• [TASK TO CARRY OUT] From the entries that follow, copy exactly the lines beginning at the line holding "ஆர்.கே. நகரில் போட்டியிட" and continuing through the line holding "set ticslevel 0.5".

• [INFORMATION SHOWN]
%%

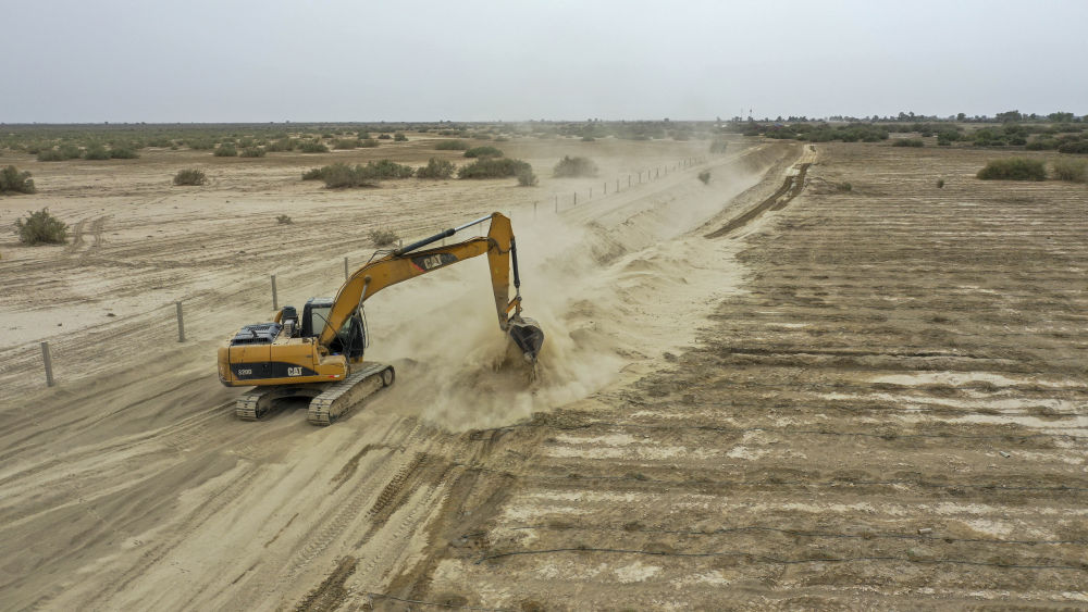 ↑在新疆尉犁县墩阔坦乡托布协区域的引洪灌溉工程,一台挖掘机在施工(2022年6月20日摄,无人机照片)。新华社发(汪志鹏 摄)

%%
%%

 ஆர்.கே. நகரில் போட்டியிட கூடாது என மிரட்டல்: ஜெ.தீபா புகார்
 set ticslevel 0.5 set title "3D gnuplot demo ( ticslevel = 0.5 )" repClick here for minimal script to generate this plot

%%

• [RESPONSE FOR THIS EXERCISE]
 ஆர்.கே. நகரில் போட்டியிட கூடாது என மிரட்டல்: ஜெ.தீபா புகார்
 set ticslevel 0.5 set title "3D gnuplot demo ( ticslevel = 0.5 )" repClick here for minimal script to generate this plot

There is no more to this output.